开启本地服务,就要将服务注册到注册中心。

Registry registry = this.getRegistry(originInvoker),它的作用就是获取实际注册的实现类;

看一下他的实现:

 private Registry getRegistry(Invoker<?> originInvoker) {
        URL registryUrl = this.getRegistryUrl(originInvoker);
        return this.registryFactory.getRegistry(registryUrl);
    }

上面的RegistryFactory仍然是一个SPI扩展。

@SPI("dubbo")
public interface RegistryFactory {
    @Adaptive({"protocol"})
    Registry getRegistry(URL var1);
}

随后会调用:AbstractRegistryFactory.getRegistry方法。

 public Registry getRegistry(URL url) {
        url = url.setPath(RegistryService.class.getName()).addParameter("interface", RegistryService.class.getName()).removeParameters(new String[]{"export", "refer"});
        String key = url.toServiceStringWithoutResolving();
        LOCK.lock();

        Registry var4;
        try {
            //根据key获取注册类
            Registry registry = (Registry)REGISTRIES.get(key);
            if (registry == null) {
                registry = this.createRegistry(url);
                if (registry == null) {
                    throw new IllegalStateException("Can not create registry " + url);
                }

                REGISTRIES.put(key, registry);
                var4 = registry;
                return var4;
            }

            var4 = registry;
        } finally {
            LOCK.unlock();
        }

        return var4;
    }

上面就是获取注册实现类的具体过程,本文例子拿到的是NacosRegistry。拿到后要向注册中心注册暴露的url.
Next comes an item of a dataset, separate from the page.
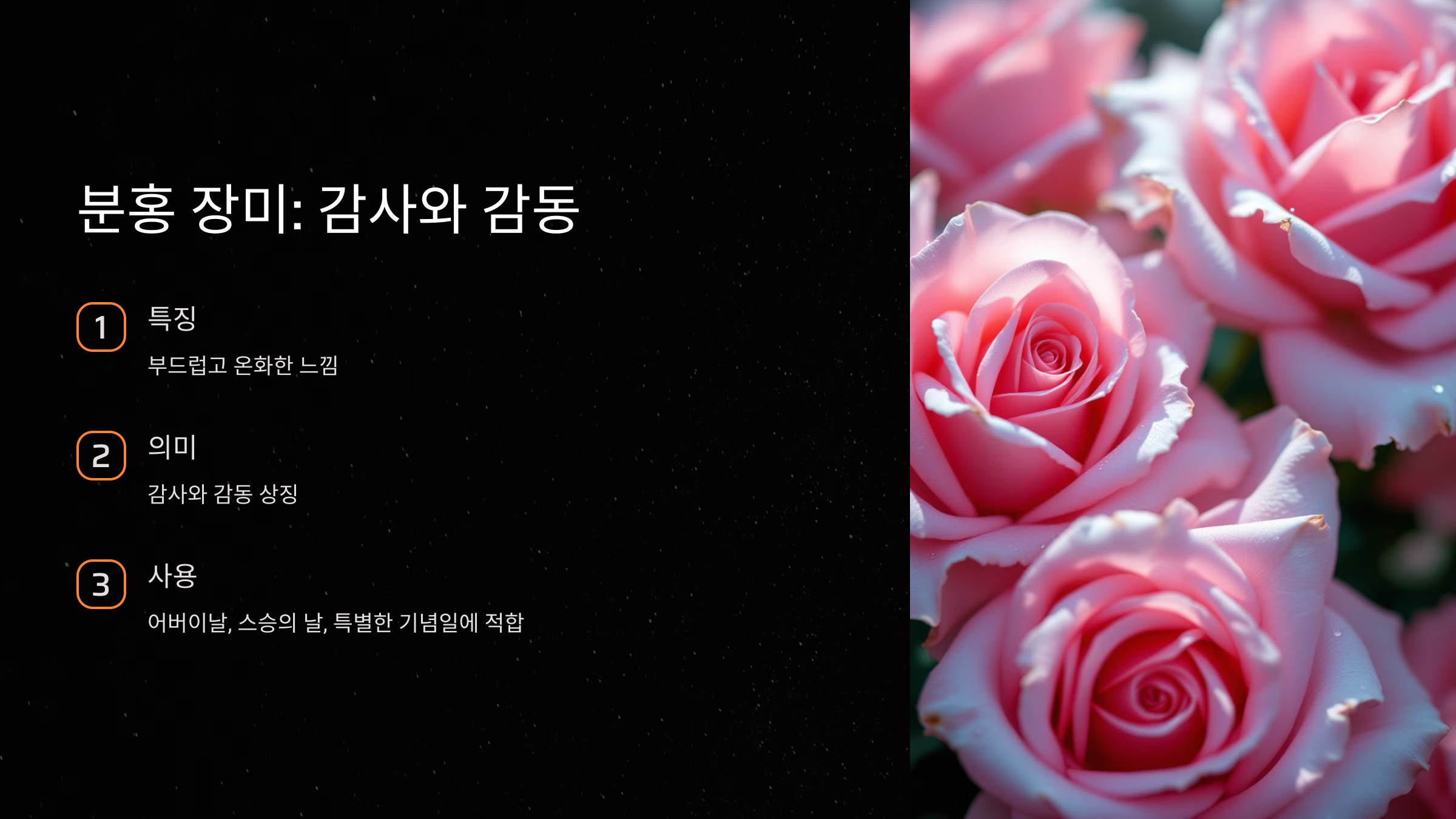 분홍 장미는 감사와 감동을 상징합니다. 다른 장미보다 부드럽고 온화한 느낌을 주어 감사의 마음을 전하거나, 감사의 뜻을 전하고 싶을 때 사용하면 좋습니다. 연한 분홍 장미는 우아함과 사랑스러운 매력을 담고 있어, 받는 사람의 마음에 잔잔한 감동을 선사할 수 있습니다.

registry.register(registedProviderUrl); //向注册中心注册当前暴露的服务的URL

这个register是子类尽进行重载的方法。

继承关系  NacosRegistry->FailbackRegistry->AbstractRegistry

FailbackRegistry进行了重载:

public void register(URL url) {
        super.register(url);
        this.removeFailedRegistered(url);
        this.removeFailedUnregistered(url);

        try {
            this.doRegister(url);
        } catch (Exception var6) {
            Throwable t = var6;
            boolean check = this.getUrl().getParameter("check", true) && url.getParameter("check", true) && !"consumer".equals(url.getProtocol());
            boolean skipFailback = var6 instanceof SkipFailbackWrapperException;
            if (check || skipFailback) {
                if (skipFailback) {
                    t = var6.getCause();
                }

                throw new IllegalStateException("Failed to register " + url + " to registry " + this.getUrl().getAddress() + ", cause: " + ((Throwable)t).getMessage(), (Throwable)t);
            }

            this.logger.error("Failed to register " + url + ", waiting for retry, cause: " + var6.getMessage(), var6);
            this.addFailedRegistered(url);
        }

    }

看到上面的方法会调用实现类的doRegister,这里就是NacosRegistry的doRegister.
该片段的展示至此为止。